**What to do**: After locating the line that contains "こちらの店はカオマンガイが有名ということで、メニューはほぼカオマンガイ一択。" in the records below, write out exactly that line and each line after it through the one that contains "Установите дату ввода", and nothing else.

**Data shown**:
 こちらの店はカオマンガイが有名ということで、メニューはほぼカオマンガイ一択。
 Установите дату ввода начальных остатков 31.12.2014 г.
---
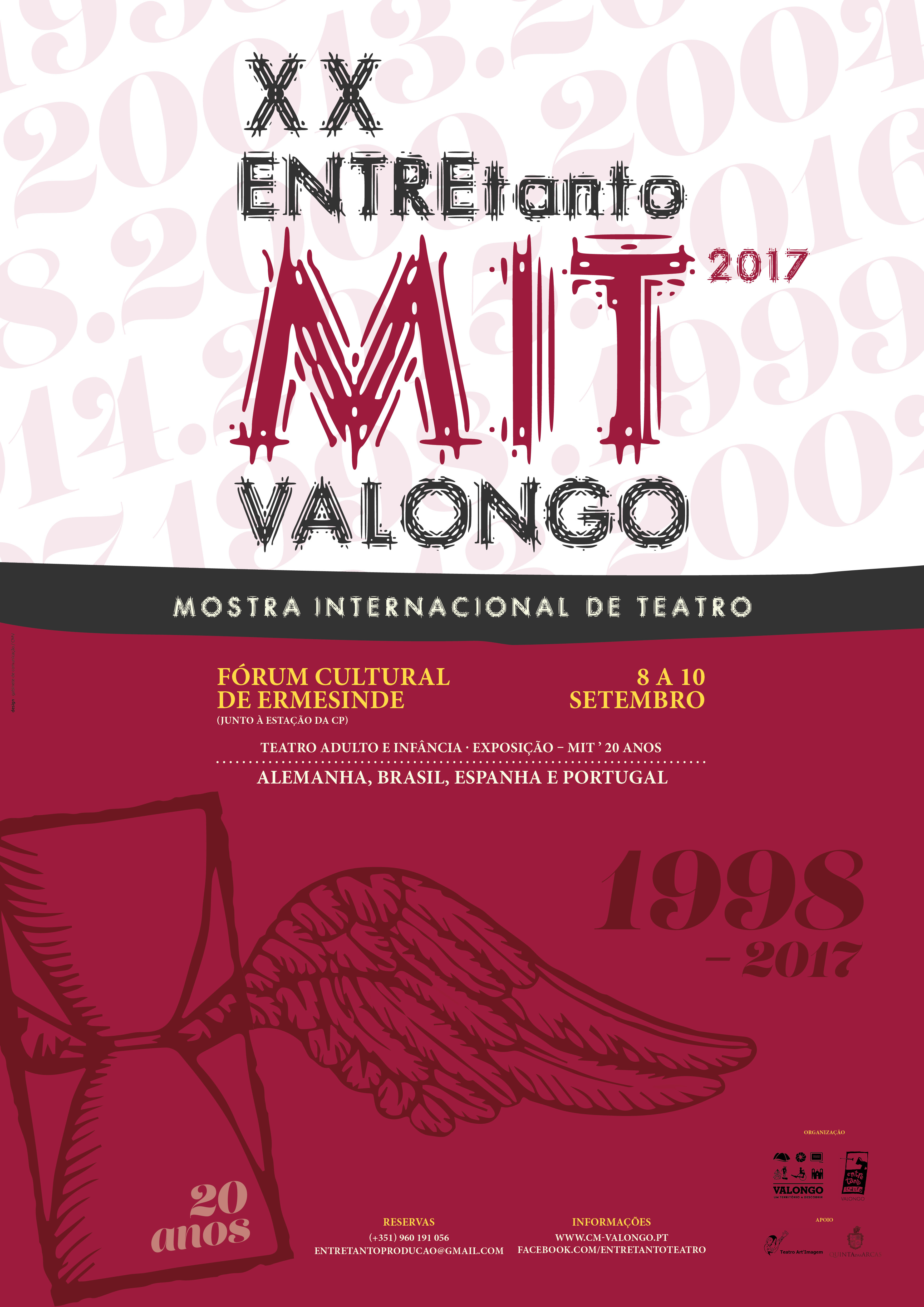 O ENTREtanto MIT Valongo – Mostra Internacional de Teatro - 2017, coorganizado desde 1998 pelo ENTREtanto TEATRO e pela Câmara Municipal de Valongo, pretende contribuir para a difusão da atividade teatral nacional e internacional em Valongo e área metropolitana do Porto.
...
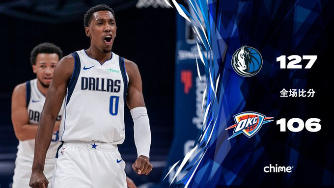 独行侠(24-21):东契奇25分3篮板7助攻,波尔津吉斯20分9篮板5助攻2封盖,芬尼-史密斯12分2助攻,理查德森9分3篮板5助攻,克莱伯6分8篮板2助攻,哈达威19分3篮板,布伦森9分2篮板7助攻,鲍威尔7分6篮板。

**Solution for this task**:
 こちらの店はカオマンガイが有名ということで、メニューはほぼカオマンガイ一択。
 Установите дату ввода начальных остатков 31.12.2014 г.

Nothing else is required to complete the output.